The COVID-19 headwinds served to compound on the earlier Paramount strain, Fitch noted, though the ratings agency did express optimism about the operator’s overall strategy.

“In Fitch’s opinion the model set out by ProMedica -— having an insurance (payor) division, an acute care (hospital) division, and a post-acute (long term care) division — remains fundamentally sound, however the road to generating expected financial results is longer and a more challenging than originally anticipated,” the agency concluded.

At the time of the 2018 transaction, leaders from Welltower and ProMedica positioned the hospital system as a stable, investment-grade home for the troubled ManorCare, which had recently gone through bankruptcy protection after struggling financially under the previous ownership of private equity giant The Carlyle Group.
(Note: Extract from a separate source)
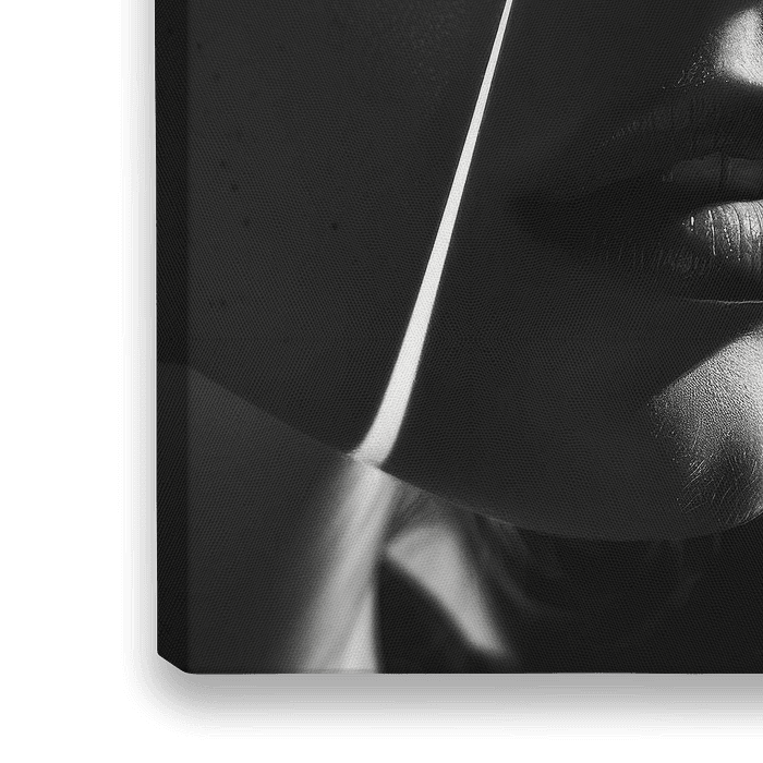Dieses faszinierende Schwarz-Weiß-Porträt spielt meisterhaft mit Licht und Schatten und hebt die starken Gesichtszüge einer Frau hervor. Die dramatischen Linien und hellen Lichtstrahlen, die über das Gesicht verlaufen, erzeugen ein kraftvolles und zugleich elegantes Bild. Ideal für Liebhaber von Schwarzweißfotografie und moderner Kunst, bringt dieses Werk eine intensive und stilvolle Atmosphäre in jeden Raum.

Though Fitch’s July downgrade still keeps the company’s debt in investment-grade territory, the agency made clear that the ManorCare chain is a financial anchor for ProMedica.

In discussing potential ways for the health system to boost its financial footing, Fitch noted that ProMedica has the ability to sell up to 49% of its share of the ManorCare real estate, while also offloading part or all of its operational stake — a safety valve that Fitch described as “somewhat unique to ProMedica.”

But Fitch emphasized that such a move would come at the expense of a strong ongoing business line.

“Fitch considers the monetization of assets or the sale of operations as an extreme situation, as HCR ManorCare’s performance is accretive to the larger ProMedica organization,” the agency concluded.